Note that we can also write our scripts in standalone files, and
reference them from Nix by giving the path to the file,
e.g. ./myPythonScript.py
. Since these are just regular
files, we can use syntax highlighting, etc. when editing them. We also
avoid having to care about escaping, but note that we can’t use string
interpolation this way.
We also end up exposing the “raw” script (i.e. without its
dependencies). If you want to target non-Nix users, that can be useful;
otherwise, you might want to make it clear that it’s an internal detail
which shouldn’t be run as-is (e.g. you could put it in a subdirectory
called internal
or src
or something).
I/O
It’s also pretty easy to transfer data between the Nix language and
the processes we’re invoking, using readFile
,
readDir
, fromJSON
and toJSON
inside a splice; although Nix doesn’t support floats, so you might need
to turn them into strings first.
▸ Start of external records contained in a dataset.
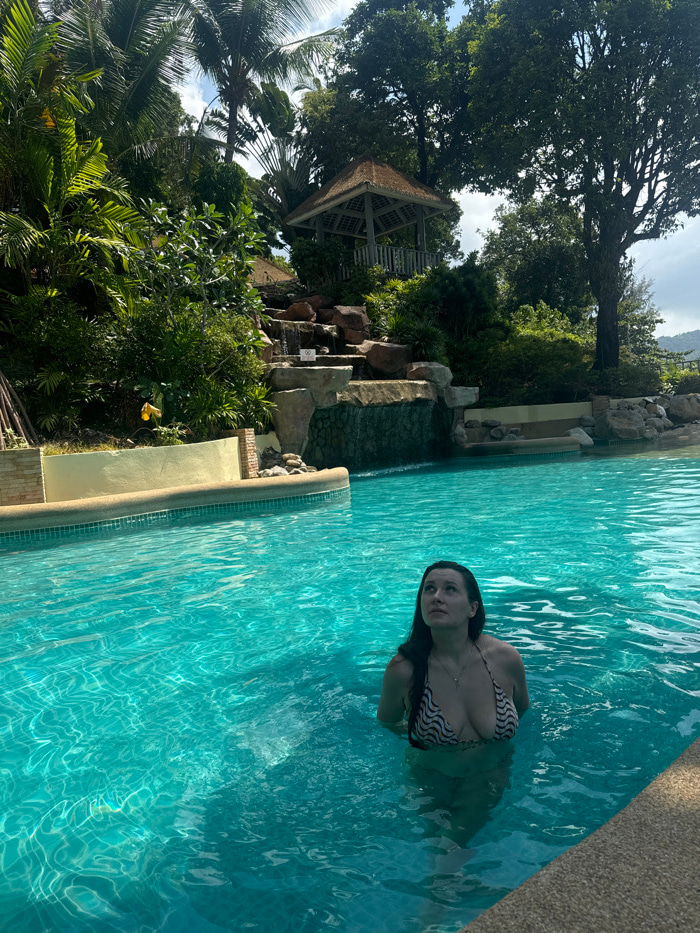 A woman in a patterned bikini stands in a pool. Turquoise water ripples around her. Behind her, lush green vegetation and tall trees surround a gazebo with a brown roof. A stone waterfall cascades dow…read more
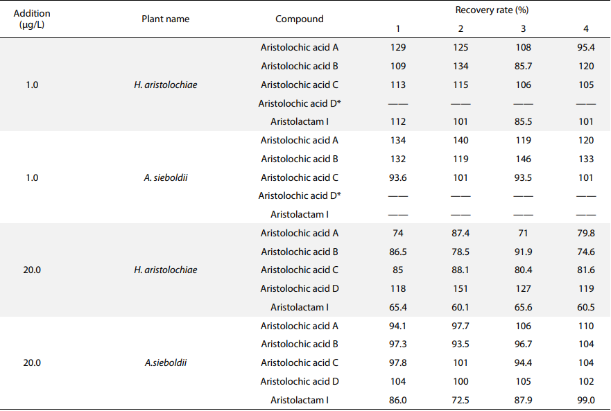 Aristolochic acid, which is the target of this analysis, is found in plants of the genus Aristolochia, and is classified as a carcinogen, including their plant forms. This article introduces an internal standard method using naproxen for rapid screening and quantitative analysis of four types of aristolochic acid contained in Aristolochia debilis and Asiasarum sieboldii and aristolactam I, which is one of its metabolites, using the Shimadzu DPiMS-8060 direct probe ionization mass spectrometer kit.
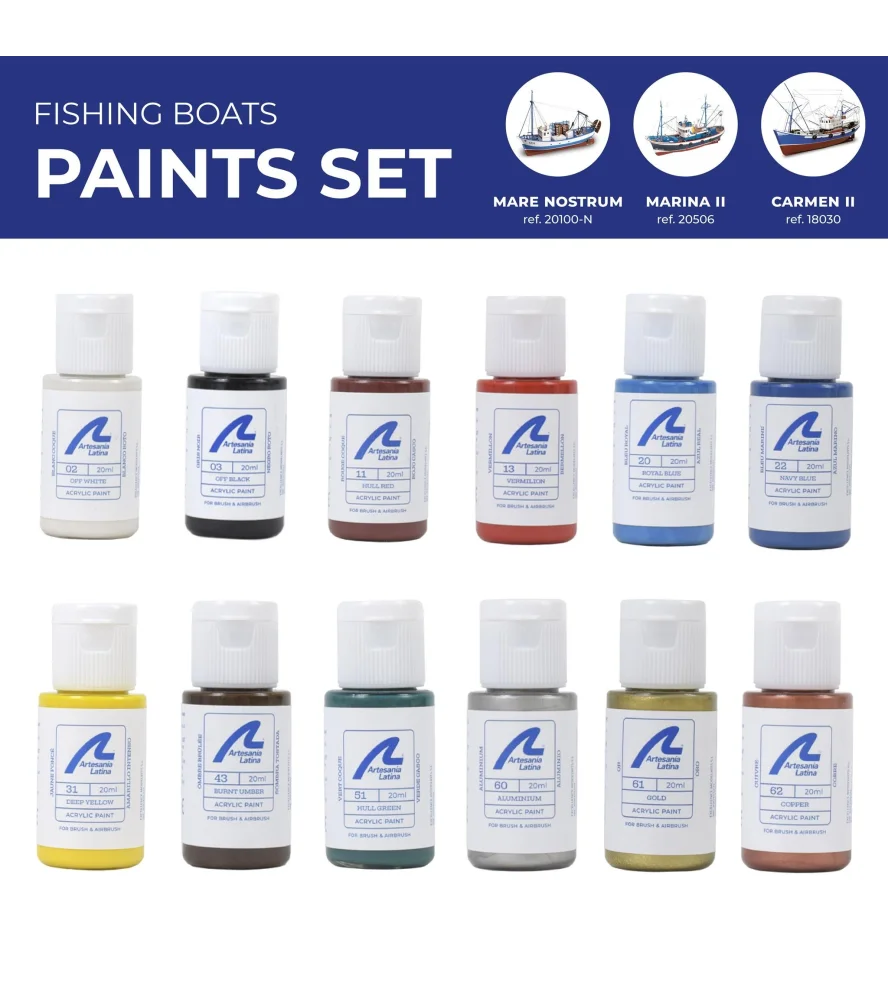 Modellfärgerna för fiskebåtar kan användas för att måla skalmodeller av Artesanía Latina del Carmen, Marina II och många andra. De passar perfekt för airbrush, men kan också användas med pensel.

This is useful for doing tricky
transformations on small amounts of data, which may be error-prone in
bash, but where invoking a full-blown language like Haskell or Python
would be overkill. It can also be useful for things like assertions.
Note that my preferred way of accessing the result of a derivation
from within Nix is to use import
rather than
readFile
. One advantage is that we’re guaranteed that Nix
will build the result as needed, rather than saying ‘no such file’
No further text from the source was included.